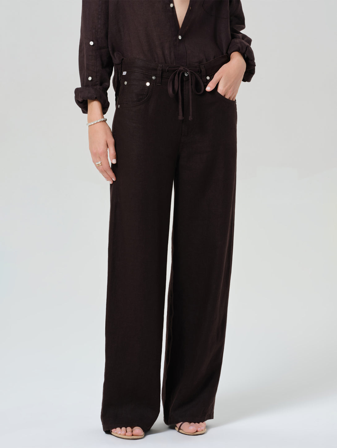 The Brynn Drawstring Trouser offers a relaxed fit with a comfortable drawstring waist, making it the perfect laid-back linen pant. Effortlessly stylish, this versatile trouser pairs beautifully with tonal linen pieces or a matching tank for a chic, coordinated look ideal for warm weather days and vacation-ready escapes.
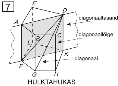 | tasandil asuv sirge [- asuva sirge, - asuvat sirget, - asuvaid sirgeid] geomeetria sirge, mille kõik punktid on ka vaadeldava tasandi punktid. Δ hulktahuka diagonaaliga FD määratud sirge joonisel 7 asub punktidega A, D ja F määratud diagonaaltasandil. ● прямая, лежащая на плоскости |
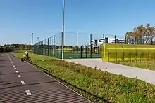 Рекреационная часть парка расположена вдоль улиц Академика Флерова и Фёдора Дубовицкого — входные группы располагаются на обеих улицах. В 2017—2018 годах здесь прошло благоустройство[27]. В зелёной зоне обустроили детскую площадку и спортивные зоны — футбольное поле, баскетбольная площадка и воркауты. Вдоль территории проложены пешеходные тропы с деревянным настилом и велосипедные дорожки, а в её центре располагается заболоченный Пахомовский пруд.
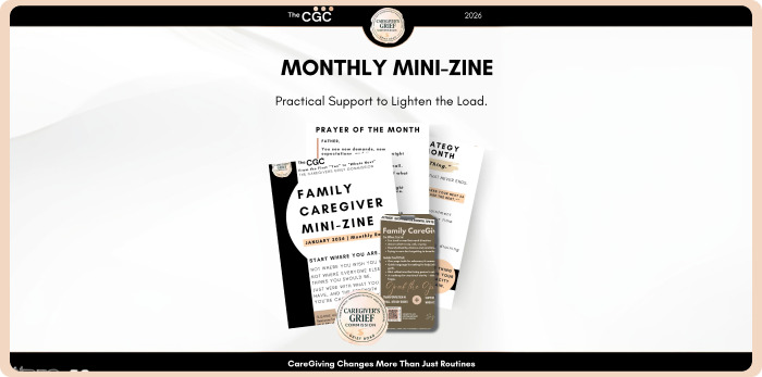 The CareGiver Mini-Zine is our complimentary four-page monthly guide offering practical tools and reflection to help family caregivers reset.

* _About this exercise_: Please return, exactly and with pictures omitted, the lines from the line holding "Рекреационная часть парка" through the end of the data above, inclusive.

* _Task response_:
 Рекреационная часть парка расположена вдоль улиц Академика Флерова и Фёдора Дубовицкого — входные группы располагаются на обеих улицах. В 2017—2018 годах здесь прошло благоустройство[27]. В зелёной зоне обустроили детскую площадку и спортивные зоны — футбольное поле, баскетбольная площадка и воркауты. Вдоль территории проложены пешеходные тропы с деревянным настилом и велосипедные дорожки, а в её центре располагается заболоченный Пахомовский пруд.
 The CareGiver Mini-Zine is our complimentary four-page monthly guide offering practical tools and reflection to help family caregivers reset.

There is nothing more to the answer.